Комментарий к Глава 25
песни к главе: Woodkid – Land of all, Muse – Supermacy, Halestorm – I am the fire
Что же, сейчас я составила примерный план того, что я хочу видеть в этой части. Поэтому, очевидно, работа будет идти быстрее. Однако я ещё не имею никакого понятия, что же произойдёт в финале (учитывая, как я всё соотношу с книгами), и, как следствие, в каком состоянии персонажи из него выберутся. Поэтому, если есть какие-либо предложения, можете написать их в комментариях.
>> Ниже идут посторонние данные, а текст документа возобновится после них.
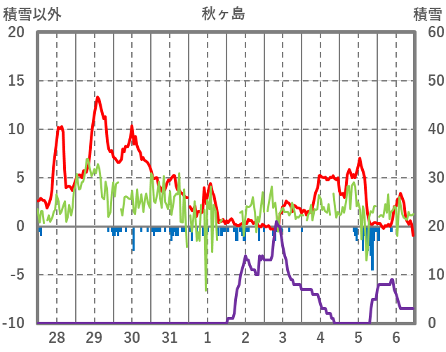 | 日 | 時 | 気温 | 降水 | 風向/風速 | 日照 | 積雪 | 降雪 |
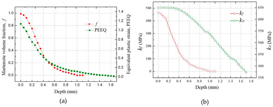 Figure 10a,b show the simulated equivalent plastic strain (PEEQ) and the martensitic volume fraction (f) of 301LN steel after multiple shots peening. It can be seen that both the PEEQ and f are maximum at the surface. Distributions of the PEEQ and f along the depth are both plotted in Figure 11a. PEEQ is of 1.139 at surface and decreases until zero at 1.65 mm, while f is of 0.99 at surface and decreases until zero at 1.1mm. It means that the austenite phase has been completely transformed into martensitic phase on the surface, while no martensitic transformation occurs under the depth of 1.1 mm.
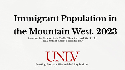 11-21-2025Our presentation, based on research conducted with Brookings Mountain West here at UNLV, will focus on the economic and workforce contribution of immigrants and international students. We will present data from our recently published fact sheet, “Immigrant Population in the Mountain West, 2023”, which derives data from the 2025 American Immigration Council (AIC) report “Map the Impact.” Our presentation will include state-level data on immigrant population, labor force participation, and economic contributions as of 2023. We will present three data tables that highlight data on each Mountain West State: Table 1 provides the number of Immigrant Residents, Immigrant Share of Population, Immigrant Spending Power, and Immigrant Taxes Paid. Table 2 presents an overview of international students’ presence and economic impact. Table 3 presents the top five industries with the largest shares of immigrant workers. Our research highlights three key takeaways about the Mountain West: Among the Mountain West states, Nevada (19.2%) reported the largest immigrant population share in 2023. In 2023, Construction ranked as the industry with the largest share of immigrant workers in Nevada (35.8%), New Mexico (24.2%), Colorado (20.7%), and Utah (8.9%), while Agriculture held the highest share in Arizona (29.3%). Arizona reported the highest number of jobs supported by international students (8,196) among Mountain West states in 2023. These key findings highlight the significant economic and labor force contributions made by immigrants and international students in the Mountain West
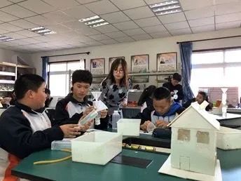 在《垃圾分类》课上学生亲自动手用废旧物品设计各种垃圾分类器具,助力北京市垃圾分类工程,从小养成垃圾分类保护环境的意识
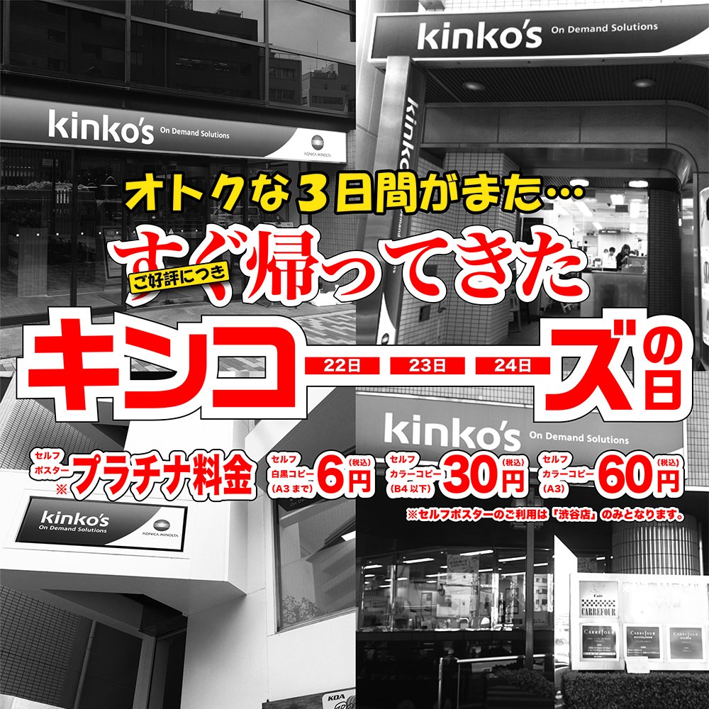 キンコーズ 公式 Twitterissa キンコーズ 渋谷店 この三日間渋谷店ではセルフポスター印刷も特別価格で提供しております A1サイズまで印刷できますので 興味のある方はこの機会に是非 皆様のお越しお待ちしております T Co Ynpdbb9g1t
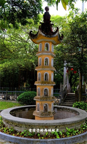 风火塔,共五层,琉璃瓦顶,塔身六角型,浅泥黄色,拱形塔窗,白色饰边,用一直径4米圆池围住,池中植有睡莲并放养金鱼。据说此塔取材于《封神榜》中托塔天王李靖手中的宝塔,意为塔镇一方,祈求平安。

========== Глава 26 ==========
Семь часов. Стук ложек, почти математически-верно-выверенный, и ни одного лишнего звука. Впрочем, так продолжается до тех пор, пока в зал столовой не начинают стекаться люди из Двенадцатого. Их всегда легко узнать среди остальных – даже если на них эта унылая серая одежда. И я сейчас не о въевшейся пыли и загаре (по сравнению с жителями Тринадцатого, разумеется). Они смотрят как-то совсем иначе. С любопытством. С надеждой. Они громко болтают друг с другом. Не сказать, что они игнорируют все правила дистрикта, но уж на категорию «неоговорённых» правил, вроде гробового молчания во время приёма пищи, им всё равно.
– Не нравится? – доносится голос Коры. Эртер многозначительно смотрит на расплывчатую жижу в своей тарелке.
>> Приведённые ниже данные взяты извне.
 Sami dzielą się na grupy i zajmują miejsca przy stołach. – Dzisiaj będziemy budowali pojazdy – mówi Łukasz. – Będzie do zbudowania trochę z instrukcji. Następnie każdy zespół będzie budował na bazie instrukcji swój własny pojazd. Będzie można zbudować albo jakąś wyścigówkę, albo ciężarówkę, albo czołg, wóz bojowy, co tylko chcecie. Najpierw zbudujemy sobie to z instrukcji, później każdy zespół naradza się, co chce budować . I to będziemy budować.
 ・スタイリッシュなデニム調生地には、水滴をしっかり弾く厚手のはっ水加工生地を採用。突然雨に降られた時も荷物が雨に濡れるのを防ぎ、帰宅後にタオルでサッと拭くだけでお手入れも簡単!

– Это… каша… да? – спрашивает он, трогая ложкой сероватую массу.
– Вчера была лучше, – ворчит Шестая. – Хочешь, соли добавь, – предлагает она, протягивая ему серебристую солонку.
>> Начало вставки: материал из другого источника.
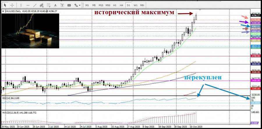А с технической точки зрения золото продемонстрировало хорошую устойчивость ниже круглого уровня $4100. Более того, рост, наблюдаемый в течение последних трёх недель, движется вдоль восходящей линии поддержки тренда, указывая на то, что путь наименьшего сопротивления для золота восходящий. Но экстремальная перекупленность RSI - дневного индекса относительной силы - требует осторожности для открытия новых позиций на покупку.
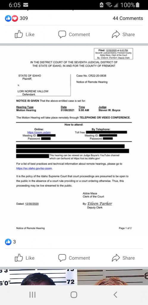 9/21/20 Update: Defense attorney Mark Means filed 2 motions in Lori's case in Madison County: 1) motion for transfer and joinder with her case in Fremont County and 2) motion for venue change. Pretrial hearing on 1/4/21. Trial set to begin on 1/25/21.
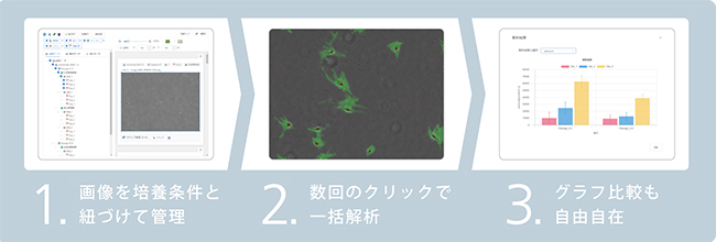 ラボやオフィスに点在する細胞画像データを集約し,最大登録ユーザー20人が共有・管理できる。細胞種や培地といった条件ごとの一覧表示が可能で,アップロードした画像の管理がスムーズとなる。
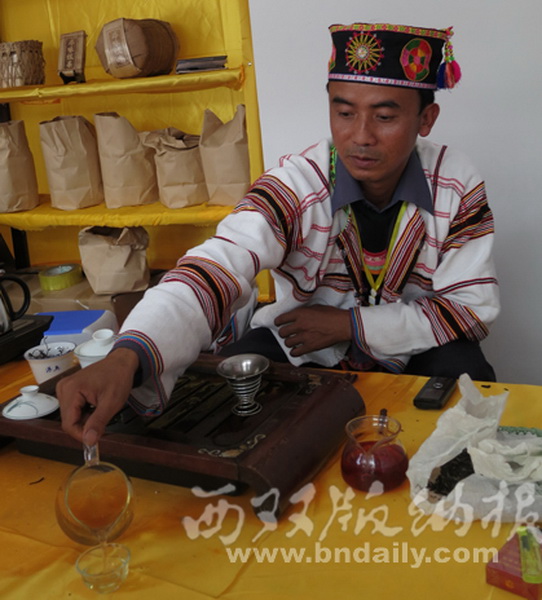 图为:非物质文化传承人——攸乐祭茶师切木拉
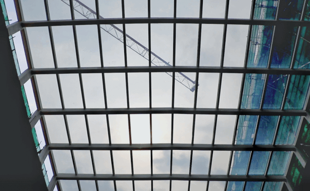 144塊玻璃、一塊400多斤,在接到甲方的施工要求后,博大僅用一天半的時間,便在高達15米的屋面完成調光玻璃幕墻的安裝。

– Спасибо, – говорит он с кислым лицом, высыпав в тарелку, чуть ли не половину солонки.
– Эртер! Какого? – приглушенно вскрикивает Кора.
– Что, «Эртер»? – скорбно смотрит он на тарелку. – Зато теперь хоть нет этого мерзкого вкуса тухлой воды, – стараясь не корчиться, берёт он ложку в рот.
– Кстати, Эртер, – подключается к разговору Рори, – а почему ты вчера на ужин опоздал?
– Я ходил в библиотеку.
– Куда? Да ладно, – недоверчиво смотрит на него Кора. – Серьёзно?
– И что же ты там нашёл? – спрашиваю я. Уж лучше буду говорить, чем есть эту склизкую ерунду.
– Плутарх, оказывается, сюда что-то из Капитолийских архивов притащил, я хотел найти, – говорит он, отчаянно поглощая свою солёную кашу. – Не нашёл, разумеется. Зато у них тут много всяких книжек. Настоящих, старых, вы понимаете?
– А я и не знала, что ты у нас тут любитель почитать, – слегка улыбается Кора.
– Очень смешно, – фыркает он. – Просто на самом деле, это удивительно – видеть, держать в руках вещи, которым столько лет. И там много интересного. О том, как был устроен тот мир. А ещё…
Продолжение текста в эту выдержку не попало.